I believe Cage disliked a musician's taste or cliche sneaking into the performance of a musical piece. I guess he might have accepted unintentional mistakes or accidents. I read that Cage was very specific about the right way of performance of his pieces. I am not saying listeners should follow his judgements, though.

For example, Crismani's performance of Études Australes sounds almost romantic, very different from Sultan's or Liebner's. Although I am not sure, I suspect there are large differences from the score, which are probably from his purposeful interpretation. I am very curious what Cage would have said about the Crismani's rendition. (Personally, I like it as well as other pianists' recordings.)


----------



## Triplets (Sep 4, 2014)

mmsbls said:


> I would agree with Sonatas and Interludes for Prepared Piano. I think many people would be rather surprised to hear some piano works from his CD _In a Landscape_.

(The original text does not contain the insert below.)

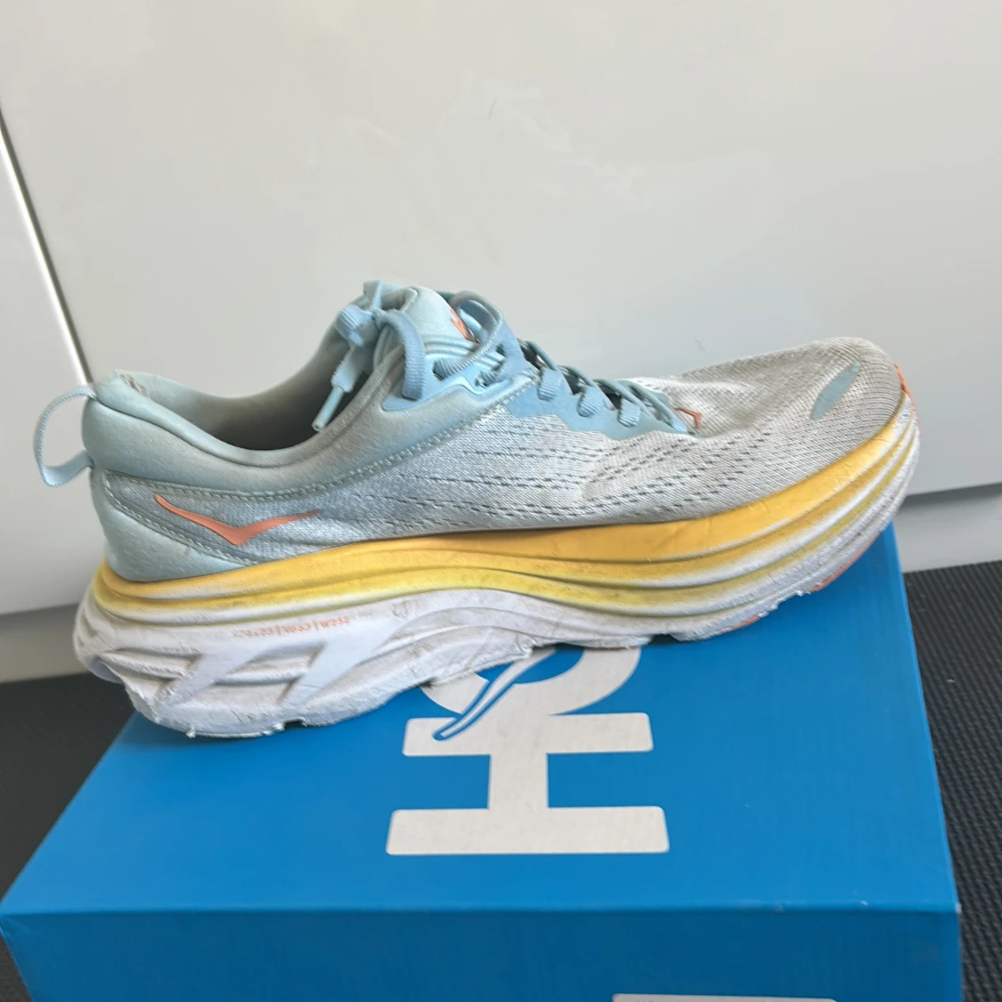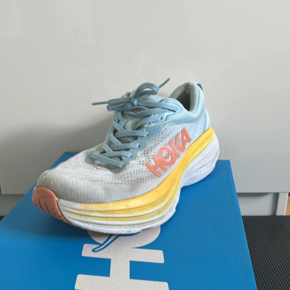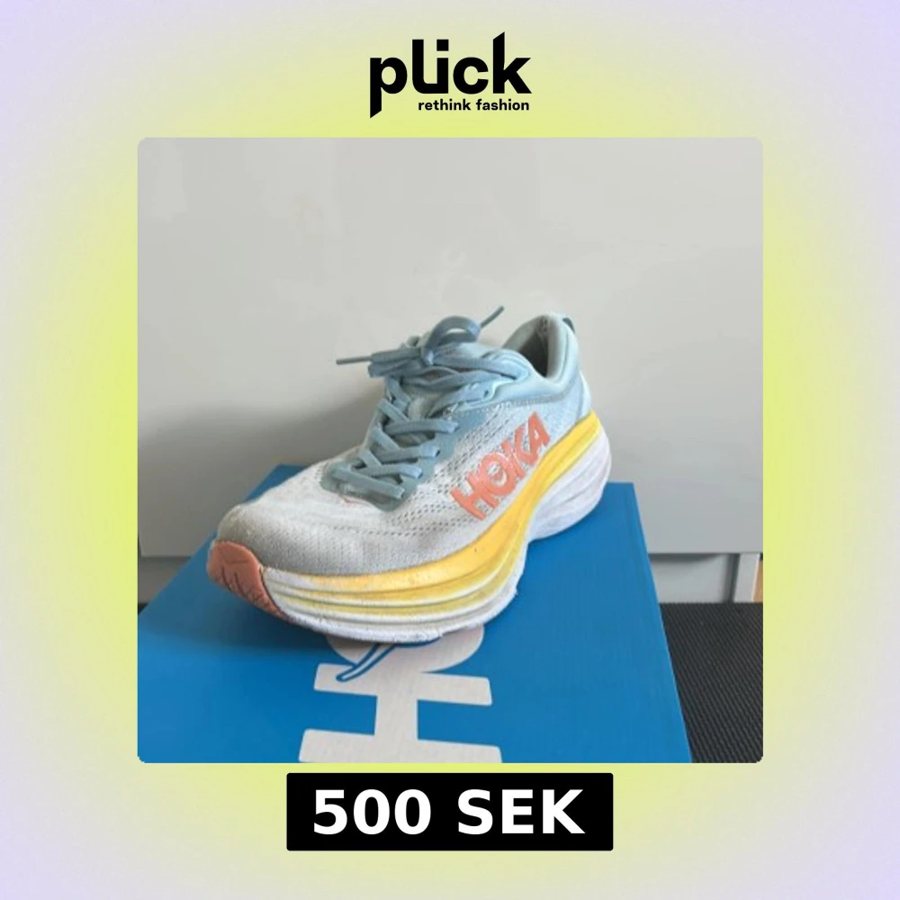 Säljer ett par Hoka Bondi 8 sneakers i ljusblått mesh med gula och vita detaljer samt orange Hoka-logga. Skorna har snörning och en riktigt tjock, dämpad sula för maxad komfort. Perfekta för dig som gillar att springa eller promenera långt. Får med original lådan. Nypris 1999 och säljer så billigt för skadorna vid hälen.

Can someone recommend a recording for those who wish to explore?


----------



## Myriadi (Mar 6, 2016)

SONNET CLV said:


> That's odd. I never noticed the mistakes and wrong notes in these Cage piano pieces. Shame on me. My ears must be better atuned to Mozart and Beethoven, 'cause I do occasionally catch mistakes here and there in performances of their music.


I like to follow the score when listening to music, and I have some Cage scores, that's all.



SONNET CLV said:


> Then again, is it possible to have a wrong note in a Cage work? After all, Cage was open to random, outside sounds that interpolated themselves into his musical pieces.


tortkis beat me to it. I've read quite a few books on/by Cage; I'm pretty sure he would not want a performer's personal preferences/stylistic mannerisms to get in the way of the music. After all, the fully notated pieces were composed so that they would actually exclude anything other than chance governing the sounds, so you have to remain faithful to the score if you want the result to really be chance-derived. (Not sure if this is making sense, but it's hard for me to think in English at this late hour, and after a full day of unpleasant pranks... Anyway, tortkis put it way better than I could.)


----------



## Myriadi (Mar 6, 2016)

Triplets said:


> Can someone recommend a recording for those who wish to explore?


mmsbls already mentioned the _In a Landscape_ CD by Drury, but if you're referring to the _Sonatas and Interludes_, I like the versions by Tilbury and Vandre, and the old Berman recording on Naxos isn't bad at all, if a bit dry.


----------



## Sloe (May 9, 2014)

Second Construction

He could make good music when he wanted to.


----------